── Data to use
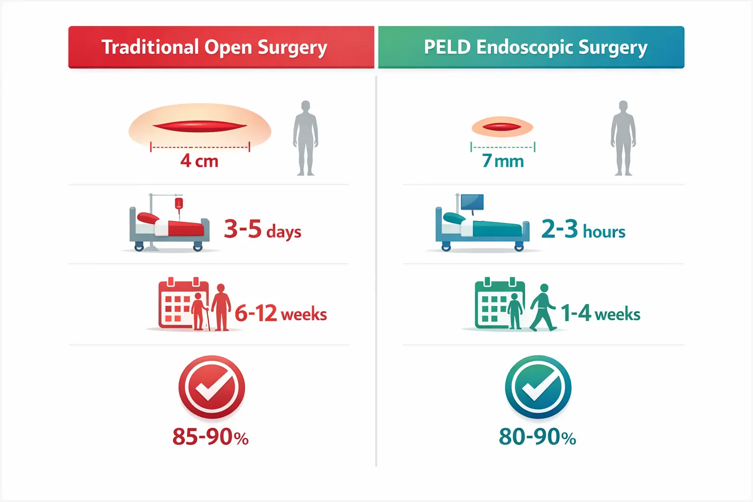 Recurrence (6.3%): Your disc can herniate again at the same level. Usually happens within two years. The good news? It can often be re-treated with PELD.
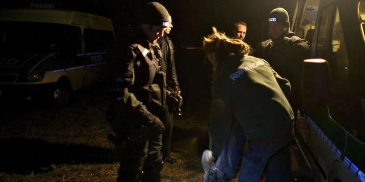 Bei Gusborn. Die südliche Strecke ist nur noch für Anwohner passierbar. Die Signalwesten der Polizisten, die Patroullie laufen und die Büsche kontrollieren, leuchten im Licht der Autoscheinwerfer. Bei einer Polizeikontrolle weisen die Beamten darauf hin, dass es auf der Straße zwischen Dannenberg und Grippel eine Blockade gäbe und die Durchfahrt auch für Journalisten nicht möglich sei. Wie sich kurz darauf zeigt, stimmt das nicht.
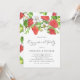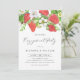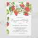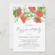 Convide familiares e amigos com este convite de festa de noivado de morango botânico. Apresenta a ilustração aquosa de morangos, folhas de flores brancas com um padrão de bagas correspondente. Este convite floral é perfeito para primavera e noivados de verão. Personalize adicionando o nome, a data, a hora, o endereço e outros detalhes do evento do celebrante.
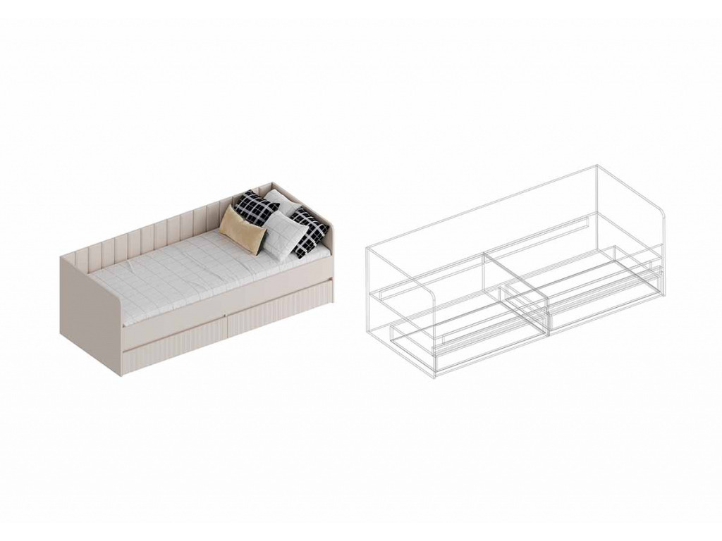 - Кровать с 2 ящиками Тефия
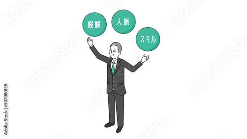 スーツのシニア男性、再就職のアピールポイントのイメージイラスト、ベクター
────
◆ Exercise prompt ◆
Only the lines from the one holding "Convide familiares e" through the end of the records belong in the answer, copied exactly and without pictures.

◆ Exercise answer ◆
 Convide familiares e amigos com este convite de festa de noivado de morango botânico. Apresenta a ilustração aquosa de morangos, folhas de flores brancas com um padrão de bagas correspondente. Este convite floral é perfeito para primavera e noivados de verão. Personalize adicionando o nome, a data, a hora, o endereço e outros detalhes do evento do celebrante.
 - Кровать с 2 ящиками Тефия
 スーツのシニア男性、再就職のアピールポイントのイメージイラスト、ベクター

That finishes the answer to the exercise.